The dictionaries section of the Lingo3G parameters object groups all per-request dictionaries. You can use any combination of per-request label, synonym and tag dictionaries.

Label dictionaries

To add per-request entries to the label dictionary, use the dictionaries.labels parameter.

In the following example, without the per-request label dictionary, Lingo3G creates a cluster called Configuration Issue on Windows. Adding two entries to the per-request dictionary replaces the label with Windows:

{
  "language": "English",
  "algorithm": "Lingo3G",
  "parameters": {
    "clusters": {
      "maxClusterSize": 0.8
    },
    "dictionaries": {
      "labels": [
        {
          "glob": [
            "* issue *",
            "configuration"
          ]
        }
      ]
    }
  },
  "documents": [
    { "title": "PDF Viewer configuration issue on Windows" },
    { "title": "Firefox plugin configuration issue on Windows" },
    { "title": "CPU usage for flash in Firefox" }
  ]
}

Example /cluster request with per-request label dictionary entries.

Synonym dictionaries

To add per-request entries to the synonym dictionary, use the dictionaries.synonyms parameter.

In the following example, adding Chrome and Firefox as synonyms puts documents containing either of these words in the same cluster.

{
  "language": "English",
  "algorithm": "Lingo3G",
  "parameters": {
    "clusters": {
      "maxClusterSize": 0.8,
      "allowOneDocumentClusters": true
    },
    "dictionaries": {
      "tags": [
        {
          "tag": "name",
          "words": [
            "chrome",
            "firefox"
          ]
        }
      ]
    }
  },
  "documents": [
    { "title": "PDF Viewer configuration on Chrome Windows" },
    { "title": "Chrome plugin configuration issue on Windows" },
    { "title": "CPU usage for flash in Firefox" }
  ]
}

Example /cluster request with per-request synonym dictionary entries.

Note that setting theclusters.allowOneDocumentClusters to true is required due to the small number of documents in the example. The parameter causes Lingo3G to preserve during processing words with one occurrence, such as Firefox and Chrome in the example. If the example left allowOneDocumentClusters at its default value of false, documents containing Chrome an Firefox would not end up in the same cluster because Lingo3G would filter out the one-occurrence words before applying synonyms.

Tag dictionaries

To add per-request entries to the word tag dictionary, use the dictionaries.tags parameter.

In the following example, adding Chrome and Firefox to the tags dictionary with the name tag slightly promotes the two words in cluster labels.
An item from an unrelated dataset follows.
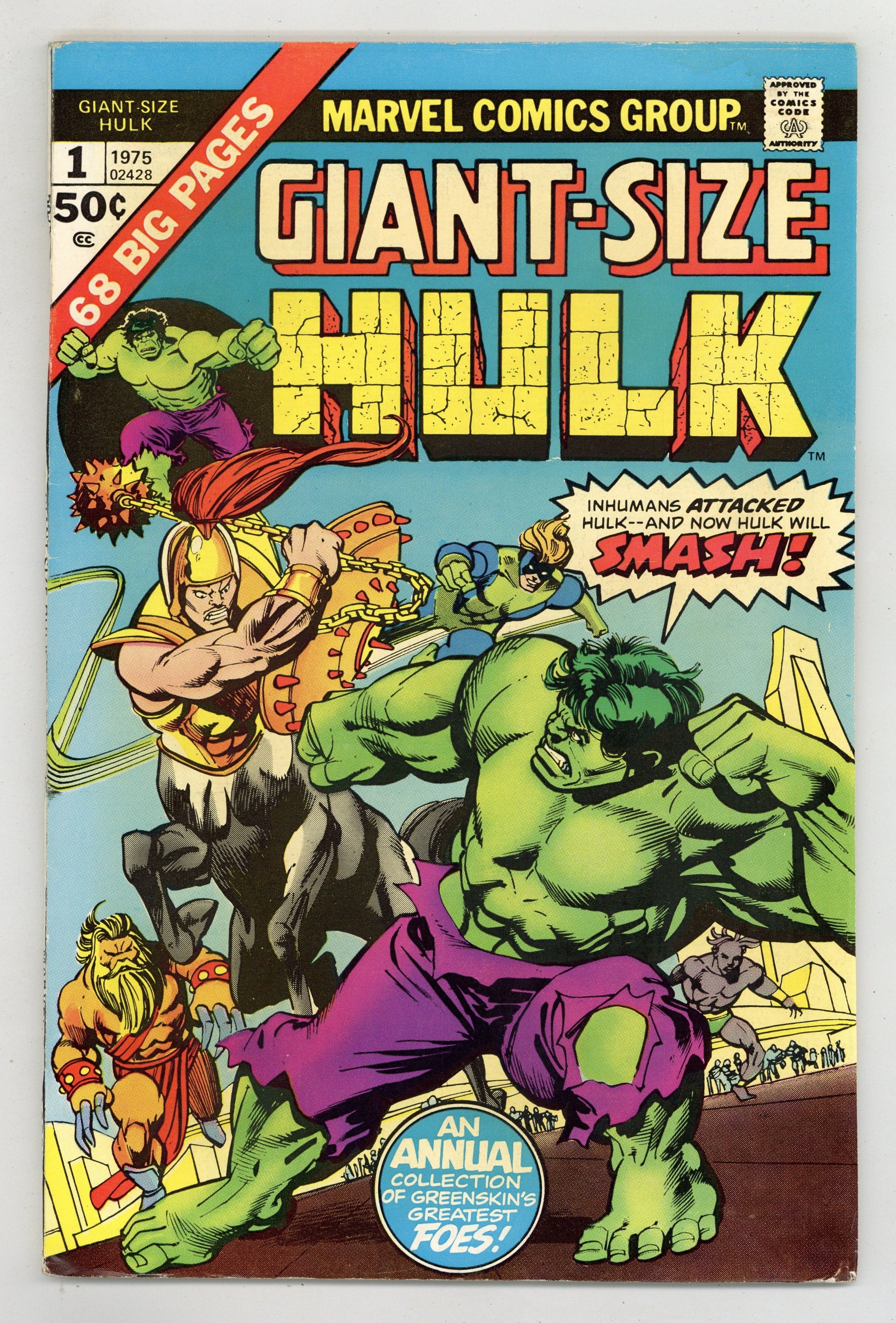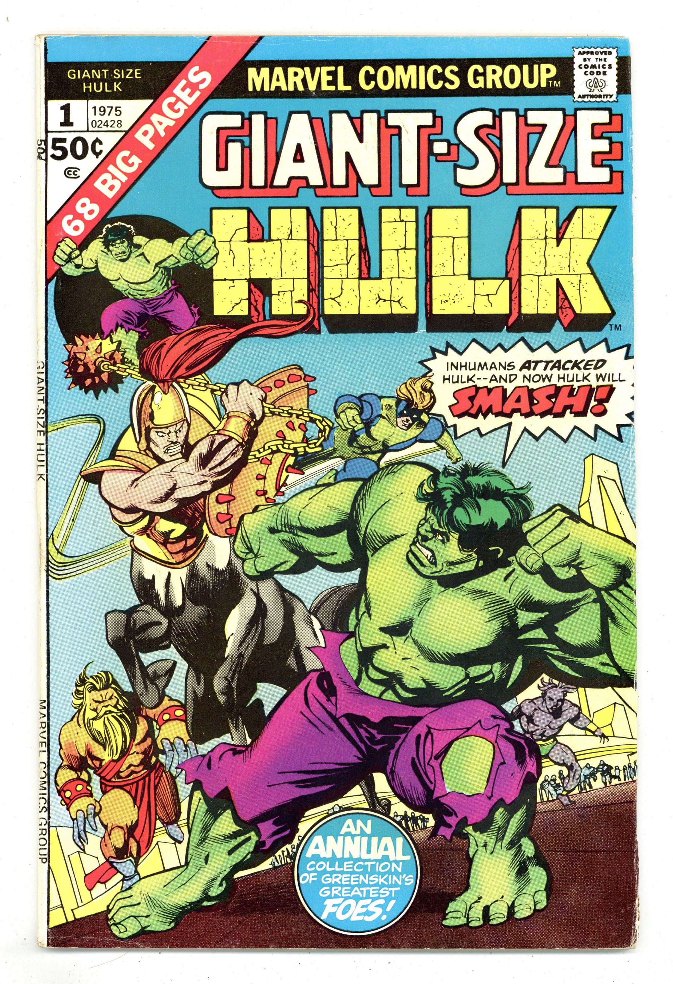 Tags: Hulk$16.50Cover pencils by Gil Kane, inks by Klaus Janson. "A Refuge Divided!", script by Gary Friedrich, pencils by Marie Severin, inks by Syd Shores and Marvel Bullpen; Black Bolt banishes six rebel Inhumans to the un-place for treason; Lockjaw takes them there but on his way back to the Great Refuge, he tangles with the Hulk whom he also takes to the un-place. Under the guidance of Maximus, the Hulk joins up with the evil Inhumans and they make their way back to the real world to remove Black Bolt from his throne; Realizing that the Hulk is an ally (after they beat on each other for awhile), Black Bolt offers to let the Hulk live in peace with the Inhumans, but the jade giant declines the offer. 68 pgs., full color. Cover price $0.50.

As a result, Lingo3G chooses Chrome and Firefox over some other words to label the clusters.

{
  "language": "English",
  "algorithm": "Lingo3G",
  "parameters": {
    "clusters": {
      "maxClusterSize": 0.8,
      "allowOneDocumentClusters": true
    },
    "dictionaries": {
      "tags": [
        {
          "glob": [
            "Chrome", "Firefox"
          ]
        }
      ]
    }
  },
  "documents": [
    { "title": "PDF Viewer configuration on Windows" },
    { "title": "Chrome plugin configuration issue on Windows" },
    { "title": "CPU usage for flash in Firefox" }
  ]
}

Example /cluster request with per-request tag dictionary entries.